Há quem nos procure para dizer das cores uma linguagem surreal, uma espécie de metamorfose, de encantamento. Nesse sentido, somos público indefinido, mas capaz de sair de casa mesmo que desencontrados do reconhecimento artístico de alguém que nos surpreende de mistério surreal ou realidade.
A Fundação Cupertino de Miranda tem no seu espaço em Famalicão uma exposição “Sonhos e Metamorfoses: O Surrealismo de Paula Rego”, onde pode admirar, até 4 de Janeiro de 2026, pinturas representativas de várias fases da carreira da artista, centrada no surrealismo.

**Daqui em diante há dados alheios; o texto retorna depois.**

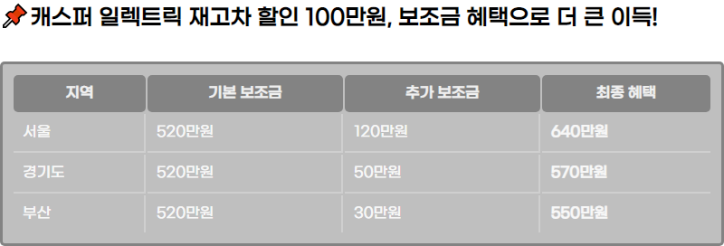 ์ง์ญ์ ๋ฐ๋ผ ๋ณด์กฐ๊ธ ํํ์ด ๋ค๋ฅด๊ธฐ ๋๋ฌธ์, ์บ์คํผ ์ผ๋ ํธ๋ฆญ์ ๊ตฌ๋งคํ๊ธฐ ์ ์๋ ๋ณธ์ธ์ ์ง์ญ์์ ์ ๊ณต๋๋ ๋ณด์กฐ๊ธ์ ํ์ธํ๋ ๊ฒ์ด ๋งค์ฐ ์ค์ํฉ๋๋ค. ์๋ฅผ ๋ค์ด, ์์ธ์๋ 120๋ง ์์ ๋ณด์กฐ๊ธ์ ์ ๊ณตํ์ง๋ง, ๋ค๋ฅธ ์ง์ญ์ ๋ณด์กฐ๊ธ ๊ธ์ก์ด ๋ค๋ฅผ ์ ์์ต๋๋ค. ๋ํ, ๋ณด์กฐ๊ธ์ ์ ์ฉ๋ฐ๊ธฐ ์ํ ์กฐ๊ฑด๋ ์ง์ญ๋ง๋ค ๋ค๋ฅผ ์ ์๊ธฐ ๋๋ฌธ์, ๊ฐ ์ง์ญ์ ๊ณต์ ๋ณด์กฐ๊ธ ์๋ด๋ฅผ ๋ฐ๋์ ํ์ธํด์ผ ํฉ๋๋ค.

O universo imagético de Paula Rego (1935-2022) deu os primeiros voos com uma linguagem figurativa inspirada na infância e no país natal. O caminho da fantasia sempre ocupou o espaço criativo da artista. O interesse precoce pelo surrealismo, justifica-se pela forma de expressão muito semelhante à sua imagética pessoal: “Havia livros de arte em casa. Meu pai dava-me livros depois de ver que era isso que me interessava. Quando tinha 14 anos, comprou-me um livro sobre Dadá e Surrealismo. Era como um livro de histórias; simplesmente maravilhoso estar a ver aquelas ilustrações. Revelação, não posso dizer que fosse, pois para mim era exactamente como um livro de contos de fadas. Não me deu surpresas. Eu estava habituada a imagens daquelas”.

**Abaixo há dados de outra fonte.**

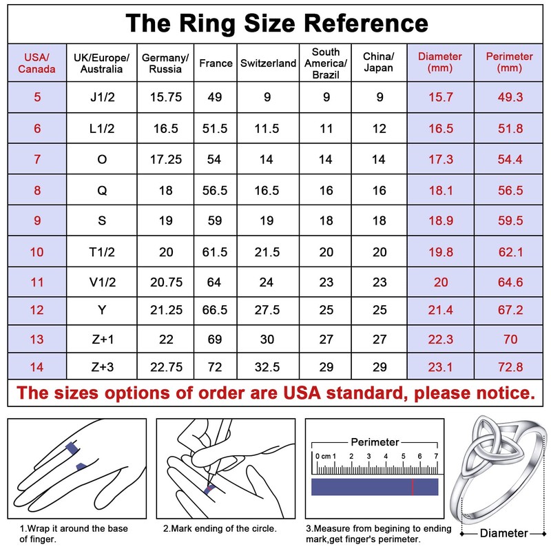 - ✯【Engagement Wedding Band】✯This irish triquetra ring is 2mm wide, 1.25mm thick, solid and no jagged, ring size: h 1/2, j 1/2, l 1/2, o, q, s, t 1/2, v 1/2, y(4,5,6,7,8,9,10,11,12), net weight: 1.8-2g/piece, very lightweight and comfortable to wear, smoothing surface, will not hurt your skins and no harm to your health.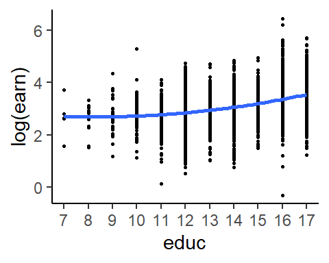 \] Regressing \(\ln earn\) on \(educ\) and \(educ^2\) does produce a more satisfying fit.

Quando encontramos alguém que nos diz que “a exposição apresenta obras com temáticas e métodos próximos do surrealismo, como as ‘pinturas-colagem’ dos anos 1960 e figuras oníricas que evocam sonhos e encantamento”, percebemos que é um convite ao nosso olhar, à nossa capacidade de interpretar porque “nelas, criaturas fantásticas surgem em cenários de poder, sedução e mistério, remetendo ao amor, ao medo e ao inexplicável. A metamorfose é central no seu processo criativo, enquanto metáfora da própria criação artística”.
Sabemos do belo, sem saber como musicar a intenção, o texto de cores que nos apresenta, a negritude, o espanto, o fantástico ou a generosidade de nos entendermos, porque a “construção das imagens obedece a um impulso que é próprio dos sonhos, num jogo constante de dissimulação e revelação. Também as criaturas fantásticas que povoam algumas das obras apresentadas e o modo como interagem remetem para um universo onírico, um mundo de sonhos de magnético encantamento para onde somos irremediavelmente puxados. O onírico, o maravilhoso, o enigmático e o misterioso estão sempre presentes quando configura situações de encantamento. Estas podem ser definidas como imagens daquilo que não pode ser explicado em termos naturalísticos e surgem quando a artista trata temas como o amor, o medo e os mistérios”.
É neste contexto de encantamento que surgem os animais humanizados que convivem nas suas obras, colocados em situações de poder e de sedução, assumindo a forma de criaturas benignas e, outras vezes, assustadoras. A ideia da metamorfose serve-lhe, de igual modo, enquanto analogia para a criação artística: “Todo o meu trabalho tem que ver com metamorfose. Ela surge na própria criação física do quadro, na tentativa e erro do trabalho.”
A Curadoria da Exposição é da responsabilidade de: Catarina Alfaro, Marlene Oliveira e Perfecto E. Cuadrado.